Power generating parquet floor

Ingo Burgert's team at Empa and ETH Zurich has often demonstrated that wood can be used for more than just construction. The research work often involves extending the existing properties of wood so that it is suitable for completely new areas of application. For example, high-strength, water-repellent or magnetizable wood has already been created. Now, together with the Empa research group led by Francis Schwarze and Javier Ribera, the team has developed a simple, environmentally friendly process to generate electrical voltage using a type of wooden sponge, as they reported last week in the renowned journal Science Advances.

Stress due to deformation

If you want to generate an electrical voltage with wood, the so-called piezoelectric effect comes into play. Piezoelectricity means that the elastic deformation of solids generates an electrical voltage. Measurement technology in particular takes advantage of this phenomenon by using sensors that generate a charge signal when subjected to mechanical stress, for example. However, such sensors often use materials that are unsuitable for use in the biomedical field, such as lead zirconate titanate (PZT), which is not suitable for use on the skin because of the lead. Being able to use the natural piezoelectric effect of wood therefore offers certain advantages. If thought through further, the effect could also be used for sustainable energy generation. But first, wood must be given the appropriate properties. This is because without special treatment of the wood, only a very low electrical voltage is generated in the deformation process when it is subjected to mechanical stress.

 From block to sponge

Jianguo Sun, a doctoral student in Burgert's team, applied a process that forms the basis for various further developments of wood: delignification. Wood cell walls consist of three basic substances: Lignin, hemicelluloses and cellulose. "Lignin is primarily needed by a tree to grow far into the air. Without lignin as a stabilizing substance that connects the cells and prevents the tensile cellulose fibrils from buckling, this would not be possible," Burgert explains.
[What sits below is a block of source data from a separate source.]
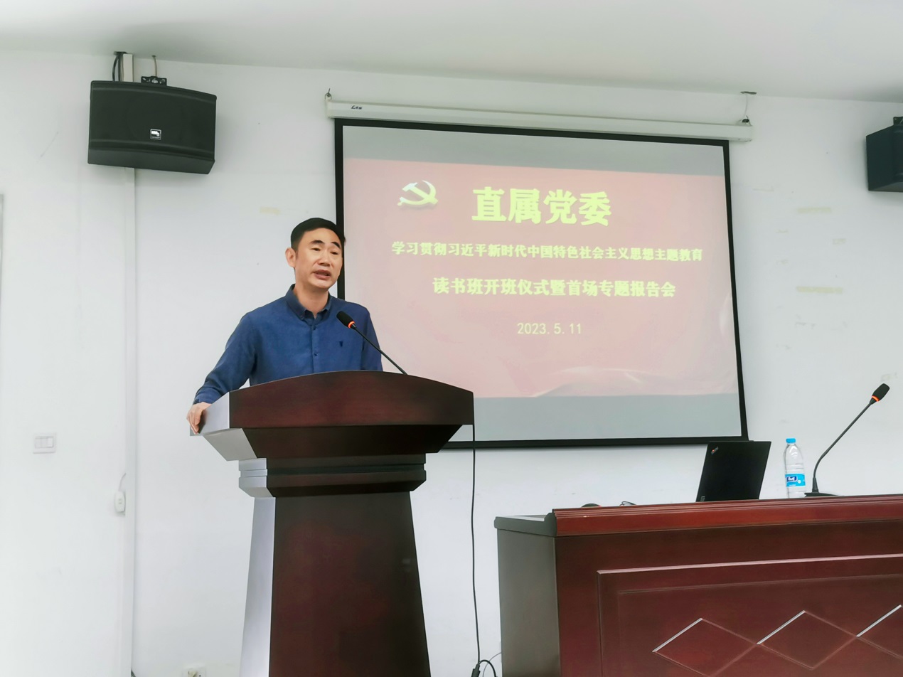 2023年5月11日上午,直属党委在图书馆一楼会议室举行学习贯彻习近平新时代中国特色社会主义思想主题教育读书班开班仪式暨首场专题报告会。继续教育学院全体党员出席会议。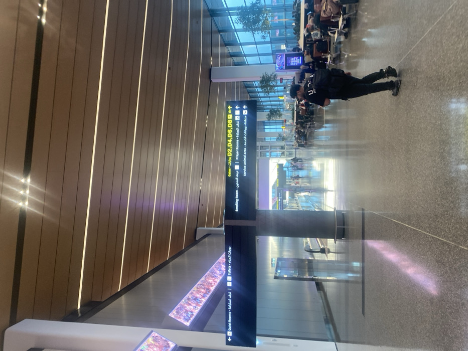 - "An airport terminal interior features prominent signage indicating directions to "Toilets," "Quiet Rooms," "Gates D2, D4, D6, D8," "Smoking Room," "Prayer Rooms," and "Service Animal Area" in both English and Arabic" by FM-ikS7J2, licensed under CC BY 4.0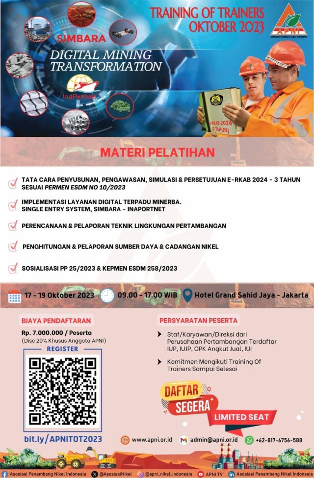 NIKEL.CO.ID, 25 SEPTEMBER 2023 – Kegiatan Training of Trainers yang akan diadakan oleh Asosiasi Penambang Nikel Indonesia (APNI) kali ini mengambil tema “Sistem Digitalisasi Pertambangan, Teknis E-RKAB 3 Tahun, Eksplorasi, Teknik Lingkungan dan Sosialisasi PP (Peraturan Pemerintah) dan Kepmen (Keputusan Menteri)”.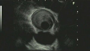 Upper gastrointestinal tract endoscopy disclosed a giant submucosal mass with a smooth surface that was located 18 to 40 cm from the incisors. Multiple biopsy specimens revealed inflamed mucosa with hyperaemia. There was no evidence of malignancy. Ultrasonic gastroscopy disclosed a giant protrusion of the esophagus located 18 cm from the incisors that originated from the submucous and was suspected to be a neurofibroma because of its homogeneous and hypoechoic lesion with clear margins. Distal esophagus and gastroesophageal junction was normal (Figures 1,2). A barium swallow showed a large intraluminal mass of the upper esophagus and compensatory dilatation of the proximal esophagus. A slightly irregular mucosal surface indicated a probable benign esophageal tumor (Figure 3). The patient underwent cervical, cardiac and abdominal ultrasound, which were unremarkable. Blood counts, biochemistry values and tumor markers levels were all found to be within normal limits.

In order to convert wood into an easily formable material, the lignin must be at least partially "dissolved out". This is achieved by placing the wood in a mixture of hydrogen peroxide and acetic acid. In the acid bath, the lignin is dissolved out, leaving a framework of cellulose layers. In this process, Burgert's team was concerned with working with relatively simple and environmentally friendly processes: "We make use of the hierarchical structure of the wood without first having to dissolve it, as in paper production, for example, and then having to reconnect the fibers." The resulting white wood sponge consists of superimposed, thin cellulose layers that can be easily pressed together and then expand back to their original shape.
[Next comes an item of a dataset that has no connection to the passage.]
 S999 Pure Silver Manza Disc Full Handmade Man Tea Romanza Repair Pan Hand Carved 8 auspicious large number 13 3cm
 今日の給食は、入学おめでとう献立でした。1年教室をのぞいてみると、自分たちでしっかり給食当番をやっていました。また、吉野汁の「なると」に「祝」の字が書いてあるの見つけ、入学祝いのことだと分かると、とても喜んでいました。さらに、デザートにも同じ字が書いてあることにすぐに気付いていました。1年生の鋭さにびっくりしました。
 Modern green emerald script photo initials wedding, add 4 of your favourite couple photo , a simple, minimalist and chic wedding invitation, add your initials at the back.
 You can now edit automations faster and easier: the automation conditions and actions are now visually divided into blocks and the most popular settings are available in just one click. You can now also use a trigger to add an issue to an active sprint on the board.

Electricity from the wooden floor

The research group subjected the test cube with a side length of about 1.5 cm to around 600 load cycles. The material showed astonishing stability in the process. With each load, the researchers measured a voltage of around 0.63 V - a voltage that would be useful for an application as a sensor. In further experiments, the team tried to explore the potential scalability of this nanogenerator. For example, they were able to show that 30 such wooden blocks, when loaded in parallel with the body weight of an adult, could already cause a simple LCD display to light up. If the process were further optimized, it would also be conceivable to use a functionalized parquet floor that converts the kicking energy into electricity. The researchers tested the suitability as a pressure-sensitive sensor on human skin, demonstrating that an application in the medical field would also be possible.
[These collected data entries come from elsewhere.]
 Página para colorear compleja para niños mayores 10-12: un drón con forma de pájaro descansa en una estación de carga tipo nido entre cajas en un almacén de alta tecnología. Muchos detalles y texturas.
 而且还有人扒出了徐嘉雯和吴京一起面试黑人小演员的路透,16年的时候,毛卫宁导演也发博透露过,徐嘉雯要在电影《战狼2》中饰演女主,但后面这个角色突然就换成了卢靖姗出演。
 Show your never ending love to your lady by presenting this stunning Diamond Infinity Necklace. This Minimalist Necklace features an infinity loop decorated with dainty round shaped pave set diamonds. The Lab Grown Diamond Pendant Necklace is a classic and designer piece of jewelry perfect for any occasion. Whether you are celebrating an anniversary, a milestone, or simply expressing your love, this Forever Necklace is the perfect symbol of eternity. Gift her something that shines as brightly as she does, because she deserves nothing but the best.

Application in preparation

The work on the latest publication by the Empa-ETH Zurich team, however, goes one step further: the aim was to modify the process so that it does not require aggressive chemicals. The researchers found a suitable candidate that can carry out the delignification in the form of a biological process in nature: the fungus Ganoderma applanatum causes white rot in wood. "The fungus breaks down the lignin and hemicellulose in the wood in a particularly gentle way," says Empa researcher Javier Ribera, explaining the environmentally friendly process. In addition, the process can be easily controlled in the laboratory.
There are still some steps to be taken before the "piezo" wood can be used as a sensor or as a power-generating parquet floor. But the advantages of such a simple and at the same time renewable and biodegradable piezoelectric system are obvious - and are now being investigated by Burgert and his colleagues in further research projects. And in order to adapt the technology for industrial application, the researchers are already in talks with potential cooperation partners.